Pictures within the data are to be left out; everything else must be reproduced exactly.

-- Data section --
——
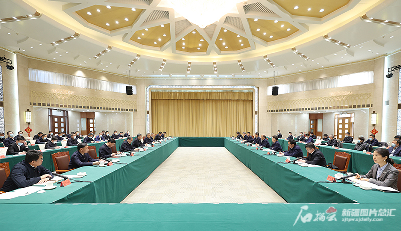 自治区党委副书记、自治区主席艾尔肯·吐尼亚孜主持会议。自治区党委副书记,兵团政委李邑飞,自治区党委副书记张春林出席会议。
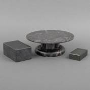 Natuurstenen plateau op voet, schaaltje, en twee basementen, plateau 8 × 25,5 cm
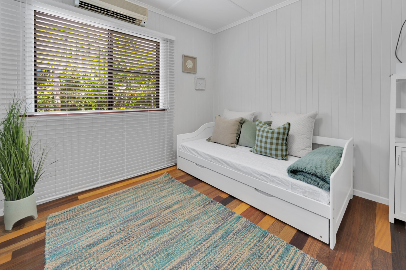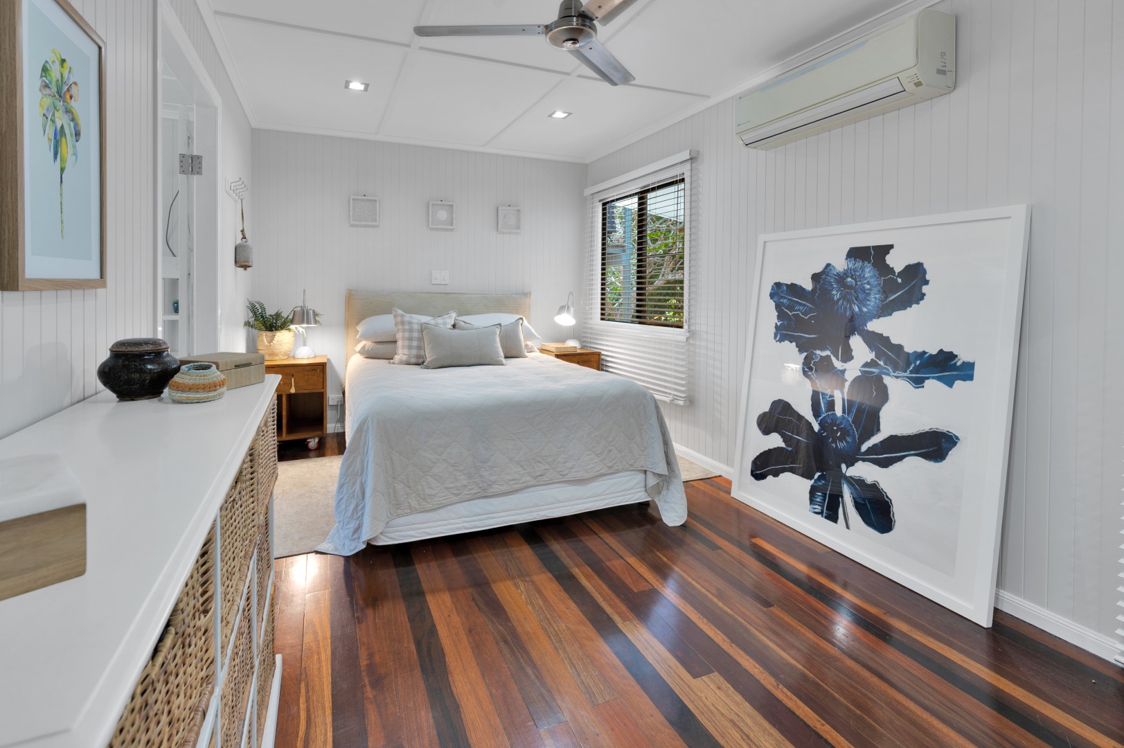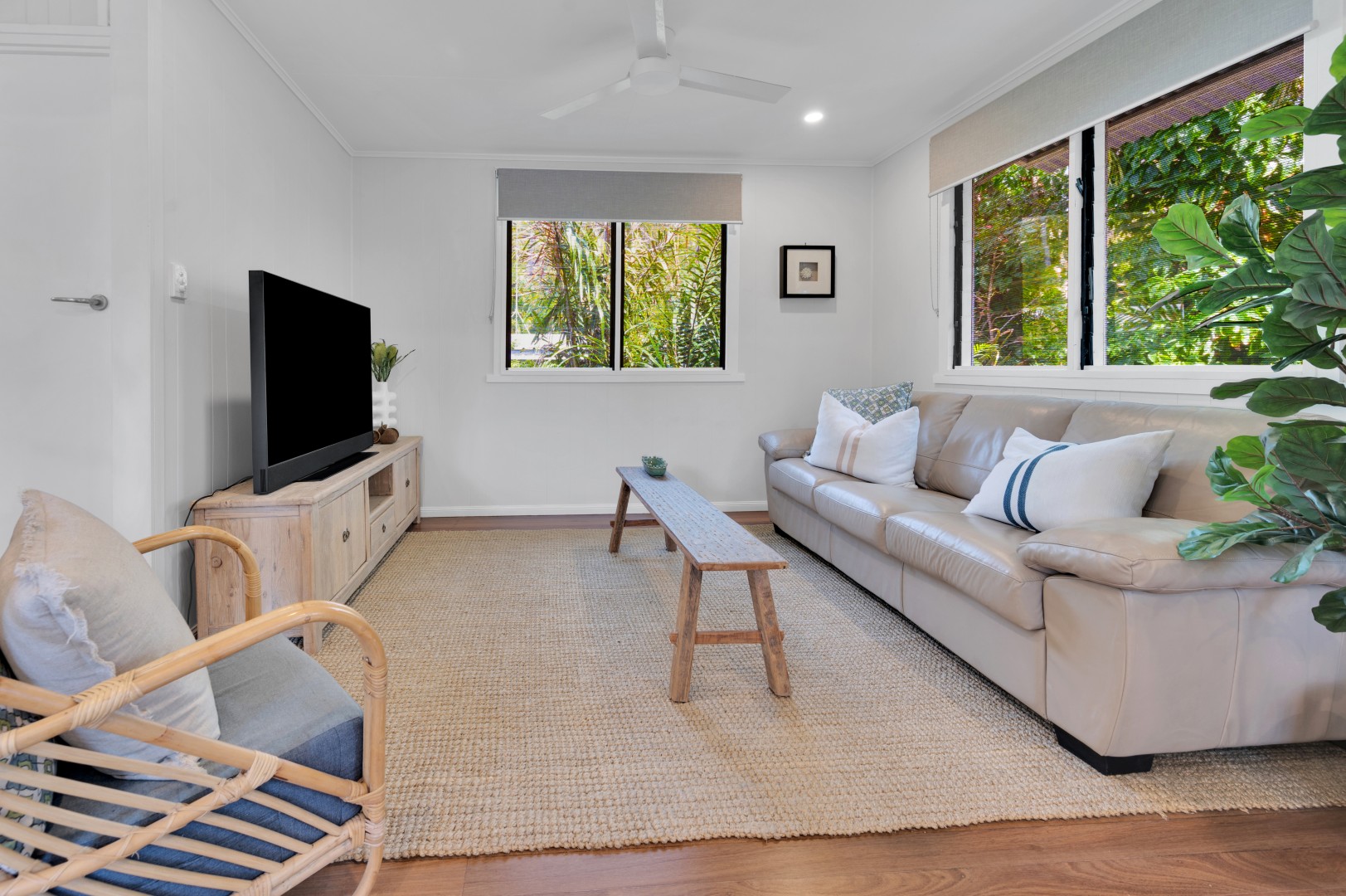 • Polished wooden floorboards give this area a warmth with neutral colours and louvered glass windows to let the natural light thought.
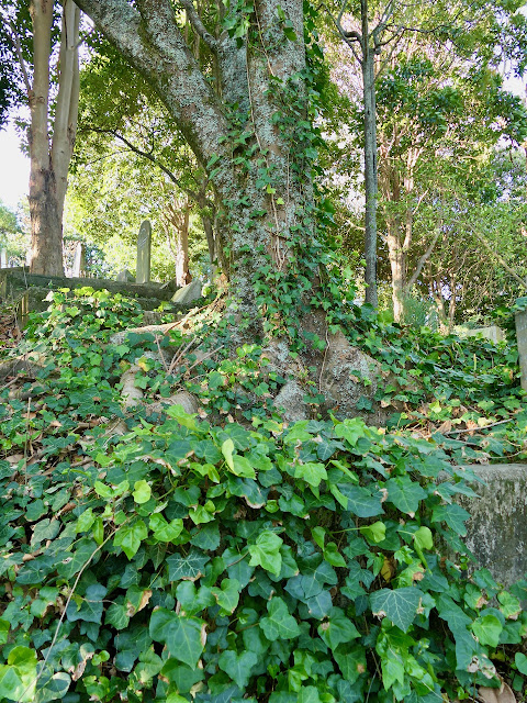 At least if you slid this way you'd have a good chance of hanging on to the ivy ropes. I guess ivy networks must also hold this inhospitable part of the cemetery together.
——
-- The completed task --
 自治区党委副书记、自治区主席艾尔肯·吐尼亚孜主持会议。自治区党委副书记,兵团政委李邑飞,自治区党委副书记张春林出席会议。
 Natuurstenen plateau op voet, schaaltje, en twee basementen, plateau 8 × 25,5 cm
 • Polished wooden floorboards give this area a warmth with neutral colours and louvered glass windows to let the natural light thought.
 At least if you slid this way you'd have a good chance of hanging on to the ivy ropes. I guess ivy networks must also hold this inhospitable part of the cemetery together.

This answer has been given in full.